— Your assignment —
Line by line, copy all of the data exactly.

— Provided data —
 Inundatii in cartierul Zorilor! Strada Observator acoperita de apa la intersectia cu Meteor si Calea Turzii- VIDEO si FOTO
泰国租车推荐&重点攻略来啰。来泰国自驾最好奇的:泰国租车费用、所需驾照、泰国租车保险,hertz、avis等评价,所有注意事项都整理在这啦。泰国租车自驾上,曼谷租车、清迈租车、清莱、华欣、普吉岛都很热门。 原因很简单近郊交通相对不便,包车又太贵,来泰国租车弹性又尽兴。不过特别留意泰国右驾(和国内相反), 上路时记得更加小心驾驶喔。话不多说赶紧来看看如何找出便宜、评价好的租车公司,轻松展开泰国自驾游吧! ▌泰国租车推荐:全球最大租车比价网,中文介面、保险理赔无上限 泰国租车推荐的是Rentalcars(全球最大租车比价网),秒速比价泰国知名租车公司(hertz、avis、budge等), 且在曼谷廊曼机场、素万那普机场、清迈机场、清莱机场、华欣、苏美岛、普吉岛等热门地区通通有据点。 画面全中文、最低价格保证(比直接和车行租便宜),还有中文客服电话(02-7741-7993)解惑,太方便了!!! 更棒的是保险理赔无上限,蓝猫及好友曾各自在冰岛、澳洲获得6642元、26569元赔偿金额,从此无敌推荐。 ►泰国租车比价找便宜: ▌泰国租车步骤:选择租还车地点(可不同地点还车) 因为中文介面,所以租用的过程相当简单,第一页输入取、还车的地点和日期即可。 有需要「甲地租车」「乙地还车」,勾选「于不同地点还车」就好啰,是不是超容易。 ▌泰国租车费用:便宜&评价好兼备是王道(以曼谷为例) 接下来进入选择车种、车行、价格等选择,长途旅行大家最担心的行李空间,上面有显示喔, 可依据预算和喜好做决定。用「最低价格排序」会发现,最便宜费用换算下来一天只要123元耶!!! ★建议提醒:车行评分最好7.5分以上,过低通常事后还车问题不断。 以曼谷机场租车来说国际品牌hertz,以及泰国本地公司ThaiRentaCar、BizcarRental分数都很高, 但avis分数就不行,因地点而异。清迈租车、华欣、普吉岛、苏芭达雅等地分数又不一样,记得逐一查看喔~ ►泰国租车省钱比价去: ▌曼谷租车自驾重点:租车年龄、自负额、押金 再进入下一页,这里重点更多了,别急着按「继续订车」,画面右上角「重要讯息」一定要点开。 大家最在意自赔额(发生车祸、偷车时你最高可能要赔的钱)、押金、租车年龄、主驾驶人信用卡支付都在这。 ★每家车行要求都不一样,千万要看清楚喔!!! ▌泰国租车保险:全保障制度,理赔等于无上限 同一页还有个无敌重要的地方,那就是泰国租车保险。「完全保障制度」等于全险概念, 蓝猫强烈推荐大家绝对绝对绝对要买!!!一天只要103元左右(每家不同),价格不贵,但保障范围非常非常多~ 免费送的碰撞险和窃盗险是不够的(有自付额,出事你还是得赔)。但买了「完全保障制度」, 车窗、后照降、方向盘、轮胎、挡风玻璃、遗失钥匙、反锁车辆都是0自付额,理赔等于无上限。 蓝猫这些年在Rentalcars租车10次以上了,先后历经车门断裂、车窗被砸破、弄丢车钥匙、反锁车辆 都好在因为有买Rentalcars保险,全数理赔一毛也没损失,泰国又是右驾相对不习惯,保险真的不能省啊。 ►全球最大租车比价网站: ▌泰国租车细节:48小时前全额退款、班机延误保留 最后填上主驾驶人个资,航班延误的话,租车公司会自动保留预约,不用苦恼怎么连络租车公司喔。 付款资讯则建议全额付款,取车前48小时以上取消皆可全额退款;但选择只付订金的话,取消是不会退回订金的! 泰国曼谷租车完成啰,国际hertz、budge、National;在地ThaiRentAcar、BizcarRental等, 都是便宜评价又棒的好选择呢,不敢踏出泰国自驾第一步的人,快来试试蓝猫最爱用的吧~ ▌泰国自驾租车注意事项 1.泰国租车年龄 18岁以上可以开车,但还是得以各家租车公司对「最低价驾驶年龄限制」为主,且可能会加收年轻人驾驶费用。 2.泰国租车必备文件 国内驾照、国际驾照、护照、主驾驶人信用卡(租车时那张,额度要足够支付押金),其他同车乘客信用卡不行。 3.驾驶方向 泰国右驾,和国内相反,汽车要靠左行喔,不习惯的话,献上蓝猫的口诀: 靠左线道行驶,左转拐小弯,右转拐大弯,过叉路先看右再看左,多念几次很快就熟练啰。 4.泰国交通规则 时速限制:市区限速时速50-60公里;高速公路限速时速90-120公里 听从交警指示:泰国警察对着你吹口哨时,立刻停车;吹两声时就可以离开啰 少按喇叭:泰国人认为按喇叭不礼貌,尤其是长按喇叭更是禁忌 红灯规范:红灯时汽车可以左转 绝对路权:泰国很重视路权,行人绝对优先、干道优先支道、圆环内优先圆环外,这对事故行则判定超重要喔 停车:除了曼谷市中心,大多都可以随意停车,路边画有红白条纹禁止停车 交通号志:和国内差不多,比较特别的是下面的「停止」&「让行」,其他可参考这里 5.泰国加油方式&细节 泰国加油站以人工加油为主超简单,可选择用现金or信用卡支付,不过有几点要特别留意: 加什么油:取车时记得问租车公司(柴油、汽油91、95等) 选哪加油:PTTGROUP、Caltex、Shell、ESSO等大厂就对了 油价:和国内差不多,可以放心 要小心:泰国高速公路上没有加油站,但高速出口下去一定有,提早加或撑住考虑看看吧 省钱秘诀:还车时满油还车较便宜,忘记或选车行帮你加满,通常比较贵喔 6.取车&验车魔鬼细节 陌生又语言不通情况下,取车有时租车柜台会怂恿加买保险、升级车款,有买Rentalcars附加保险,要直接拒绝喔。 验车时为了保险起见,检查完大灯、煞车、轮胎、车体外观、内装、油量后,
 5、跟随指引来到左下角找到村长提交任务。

— Result —
 Inundatii in cartierul Zorilor! Strada Observator acoperita de apa la intersectia cu Meteor si Calea Turzii- VIDEO si FOTO
泰国租车推荐&重点攻略来啰。来泰国自驾最好奇的:泰国租车费用、所需驾照、泰国租车保险,hertz、avis等评价,所有注意事项都整理在这啦。泰国租车自驾上,曼谷租车、清迈租车、清莱、华欣、普吉岛都很热门。 原因很简单近郊交通相对不便,包车又太贵,来泰国租车弹性又尽兴。不过特别留意泰国右驾(和国内相反), 上路时记得更加小心驾驶喔。话不多说赶紧来看看如何找出便宜、评价好的租车公司,轻松展开泰国自驾游吧! ▌泰国租车推荐:全球最大租车比价网,中文介面、保险理赔无上限 泰国租车推荐的是Rentalcars(全球最大租车比价网),秒速比价泰国知名租车公司(hertz、avis、budge等), 且在曼谷廊曼机场、素万那普机场、清迈机场、清莱机场、华欣、苏美岛、普吉岛等热门地区通通有据点。 画面全中文、最低价格保证(比直接和车行租便宜),还有中文客服电话(02-7741-7993)解惑,太方便了!!! 更棒的是保险理赔无上限,蓝猫及好友曾各自在冰岛、澳洲获得6642元、26569元赔偿金额,从此无敌推荐。 ►泰国租车比价找便宜: ▌泰国租车步骤:选择租还车地点(可不同地点还车) 因为中文介面,所以租用的过程相当简单,第一页输入取、还车的地点和日期即可。 有需要「甲地租车」「乙地还车」,勾选「于不同地点还车」就好啰,是不是超容易。 ▌泰国租车费用:便宜&评价好兼备是王道(以曼谷为例) 接下来进入选择车种、车行、价格等选择,长途旅行大家最担心的行李空间,上面有显示喔, 可依据预算和喜好做决定。用「最低价格排序」会发现,最便宜费用换算下来一天只要123元耶!!! ★建议提醒:车行评分最好7.5分以上,过低通常事后还车问题不断。 以曼谷机场租车来说国际品牌hertz,以及泰国本地公司ThaiRentaCar、BizcarRental分数都很高, 但avis分数就不行,因地点而异。清迈租车、华欣、普吉岛、苏芭达雅等地分数又不一样,记得逐一查看喔~ ►泰国租车省钱比价去: ▌曼谷租车自驾重点:租车年龄、自负额、押金 再进入下一页,这里重点更多了,别急着按「继续订车」,画面右上角「重要讯息」一定要点开。 大家最在意自赔额(发生车祸、偷车时你最高可能要赔的钱)、押金、租车年龄、主驾驶人信用卡支付都在这。 ★每家车行要求都不一样,千万要看清楚喔!!! ▌泰国租车保险:全保障制度,理赔等于无上限 同一页还有个无敌重要的地方,那就是泰国租车保险。「完全保障制度」等于全险概念, 蓝猫强烈推荐大家绝对绝对绝对要买!!!一天只要103元左右(每家不同),价格不贵,但保障范围非常非常多~ 免费送的碰撞险和窃盗险是不够的(有自付额,出事你还是得赔)。但买了「完全保障制度」, 车窗、后照降、方向盘、轮胎、挡风玻璃、遗失钥匙、反锁车辆都是0自付额,理赔等于无上限。 蓝猫这些年在Rentalcars租车10次以上了,先后历经车门断裂、车窗被砸破、弄丢车钥匙、反锁车辆 都好在因为有买Rentalcars保险,全数理赔一毛也没损失,泰国又是右驾相对不习惯,保险真的不能省啊。 ►全球最大租车比价网站: ▌泰国租车细节:48小时前全额退款、班机延误保留 最后填上主驾驶人个资,航班延误的话,租车公司会自动保留预约,不用苦恼怎么连络租车公司喔。 付款资讯则建议全额付款,取车前48小时以上取消皆可全额退款;但选择只付订金的话,取消是不会退回订金的! 泰国曼谷租车完成啰,国际hertz、budge、National;在地ThaiRentAcar、BizcarRental等, 都是便宜评价又棒的好选择呢,不敢踏出泰国自驾第一步的人,快来试试蓝猫最爱用的吧~ ▌泰国自驾租车注意事项 1.泰国租车年龄 18岁以上可以开车,但还是得以各家租车公司对「最低价驾驶年龄限制」为主,且可能会加收年轻人驾驶费用。 2.泰国租车必备文件 国内驾照、国际驾照、护照、主驾驶人信用卡(租车时那张,额度要足够支付押金),其他同车乘客信用卡不行。 3.驾驶方向 泰国右驾,和国内相反,汽车要靠左行喔,不习惯的话,献上蓝猫的口诀: 靠左线道行驶,左转拐小弯,右转拐大弯,过叉路先看右再看左,多念几次很快就熟练啰。 4.泰国交通规则 时速限制:市区限速时速50-60公里;高速公路限速时速90-120公里 听从交警指示:泰国警察对着你吹口哨时,立刻停车;吹两声时就可以离开啰 少按喇叭:泰国人认为按喇叭不礼貌,尤其是长按喇叭更是禁忌 红灯规范:红灯时汽车可以左转 绝对路权:泰国很重视路权,行人绝对优先、干道优先支道、圆环内优先圆环外,这对事故行则判定超重要喔 停车:除了曼谷市中心,大多都可以随意停车,路边画有红白条纹禁止停车 交通号志:和国内差不多,比较特别的是下面的「停止」&「让行」,其他可参考这里 5.泰国加油方式&细节 泰国加油站以人工加油为主超简单,可选择用现金or信用卡支付,不过有几点要特别留意: 加什么油:取车时记得问租车公司(柴油、汽油91、95等) 选哪加油:PTTGROUP、Caltex、Shell、ESSO等大厂就对了 油价:和国内差不多,可以放心 要小心:泰国高速公路上没有加油站,但高速出口下去一定有,提早加或撑住考虑看看吧 省钱秘诀:还车时满油还车较便宜,忘记或选车行帮你加满,通常比较贵喔 6.取车&验车魔鬼细节 陌生又语言不通情况下,取车有时租车柜台会怂恿加买保险、升级车款,有买Rentalcars附加保险,要直接拒绝喔。 验车时为了保险起见,检查完大灯、煞车、轮胎、车体外观、内装、油量后,
 5、跟随指引来到左下角找到村长提交任务。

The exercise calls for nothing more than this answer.